There was surprise in their leathery faces.
“The Hornless-one speaks the tongue.” He pronounced it in a way that meant less-than-a man but more-than-a-woman. A certain respect flickered in their eyes and all but one pulled their steeds back.
“Who are you, Terra-man?” he asked, drawing the three fingers of his left hand across his hairy chest. I had to suppress a smile; this fellow was superstitious. He had probably never met a Terran who spoke his language so fluently, since only a few gifted linguists could master the guttural sounds of some of the dialects.
“Beware of the Night-demon who walks fearlessly in the guise of a Sky-man,” one of them murmured, touching the tips of his horns.
“I am exactly what you see,” I said. “A man from Terra.” I made the sign that meant equal to you.
“Where did you learn to speak our tongue?” he demanded, leveling the barbed end of his staff into my direction.
Realizing it was time for some truth, I touched my lips and my forehead, careful not to make any threatening moves. “Twenty summers ago I lived with the Stag-clan of the Golgat-mountains. I was brother to Threehorn.”
One of the others exhaled sharply. “Threehorn!” he exclaimed. “I know of him. He was killed ten, no eleven summers ago. I was very young still, not a man yet. They say he was killed by a Terra-man. Nobody really knows.”
I winced as memory flooded up, like bile.
He looked at me, his yellow eyes glaring. “Even though you made the truth sign, I say you lie, Hornless-one. No Terra-man would be brother to Threehorn.” Looking defiantly at the others, he said: “I say we kill him--now!” With that he brought down his Ginsa-staff, aiming for my unprotected head.
Anticipating his attack, I had moved toward him, at the same I was reaching for his staff. I knew now these men didn’t belong to any clan; they were renegades, outcasts. Each of them wore a clan-ring in his right ear, but they were of different designs.
Earth science and those two years on the double-gravity planet in the Antares-system served me well. They had made me faster and stronger than an ordinary man. These poor devils had no chance against me.
Without effort I pulled my attacker off his mount, breaking his neck as I did so. Before the others realized what had happened I was in the saddle of the suddenly abandoned riding-animal and swinging the heavy Ginsa-staff. I drove it through the chest of one of them, at the same time cracking the skull of another with my left fist.
Seeing three of their companions dead in a matter of moments, the others hesitated.

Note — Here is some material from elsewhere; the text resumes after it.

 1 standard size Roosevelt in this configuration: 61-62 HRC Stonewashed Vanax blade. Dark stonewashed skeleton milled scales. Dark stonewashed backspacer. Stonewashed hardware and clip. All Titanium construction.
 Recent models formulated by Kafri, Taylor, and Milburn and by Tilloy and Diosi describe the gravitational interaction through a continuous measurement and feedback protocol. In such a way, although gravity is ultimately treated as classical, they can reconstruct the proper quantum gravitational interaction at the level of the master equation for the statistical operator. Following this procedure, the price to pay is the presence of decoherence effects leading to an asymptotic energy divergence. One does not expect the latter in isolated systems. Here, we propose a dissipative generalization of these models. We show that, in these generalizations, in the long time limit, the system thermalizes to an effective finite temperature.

One of them cried out: “He is the Night-demon himself, the Dark Hornless-one. We are lost.”
He turned and sped away, the bristles on his back stiff with fright.

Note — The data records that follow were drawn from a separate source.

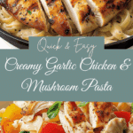 Creamy Garlic Chicken & Mushroom Pasta is a comforting and elegant one-skillet meal made with tender chicken, earthy mushrooms, and a rich garlic-parmesan cream sauce that coats every bite of pasta.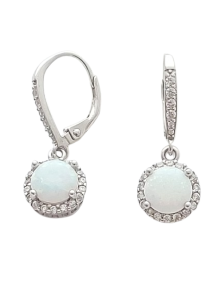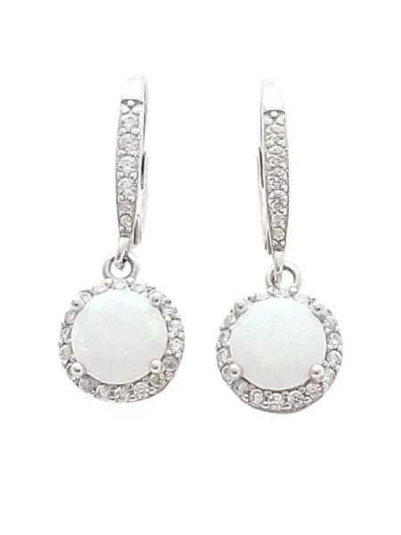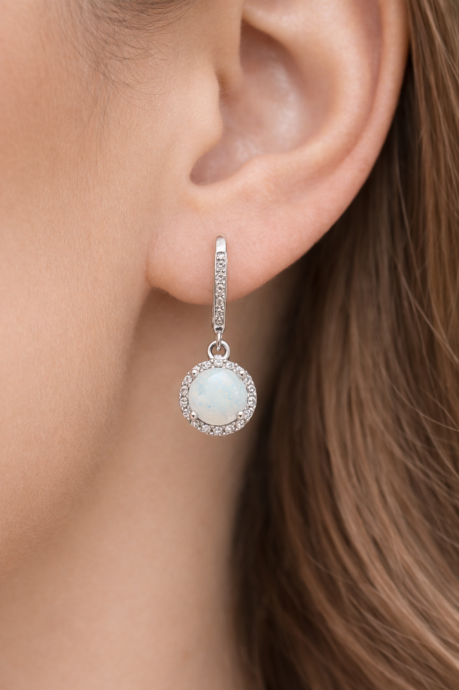 Tyto visací náušnice jsou vyrobeny ze stříbra ryzosti 925/1000 a zdobeny bílým opálem, který okouzlí svým mléčným odstínem a jemnou hrou světla. Centrální opál je obklopen čirými zirkony, jež dodávají šperku decentní třpyt a luxusní vzhled.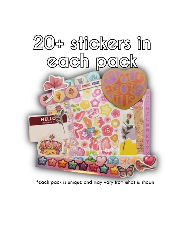 Each pack includes 20+ stickers of various types, and may* include die-cut, sticker sheets, transparent, holographic, alphabet, or character stickers.

The other two looked after him and spat. “Coward!”
I had given them time to think, not wishing to kill all of them, but they left me no choice. Parrying the first one’s thrust, I kicked him in the head with the blunt end of my staff. He fell backward, right into the point of his companion’s barbed weapon; but he was already dead, his face split open by the force of my thrust.
The last one looked at me, his yellow eyes mad with anger and fright. He dropped his Ginsa-staff and reached into his pouch for his blade. “Now I kill you, Sky-demon,” he screamed hoarsely and whipped his hand back for the throw.
I burned his head off with my blaster. His headless body tumbled off his steed and fell to the ground, without spilling a drop of blood, the wound cauterized by the searing heat. Sheathing the gun, I sighed. What I had done was not exactly legal, since the use of atomic weapons was quite restricted. Forbidden on Redsky.
But then--why take chances. There were no witnesses, anyway. Besides, I didn’t have to answer to anybody.
Up in the sky the first vultures were already gathering, eager to get on with the grisly feast. I gave the dead bodies one more glance, then I turned my mount toward Old Town. Without looking back I kicked my heels into the animal’s soft flanks.
“Welcome home,” I said to myself. “Nothing has changed.”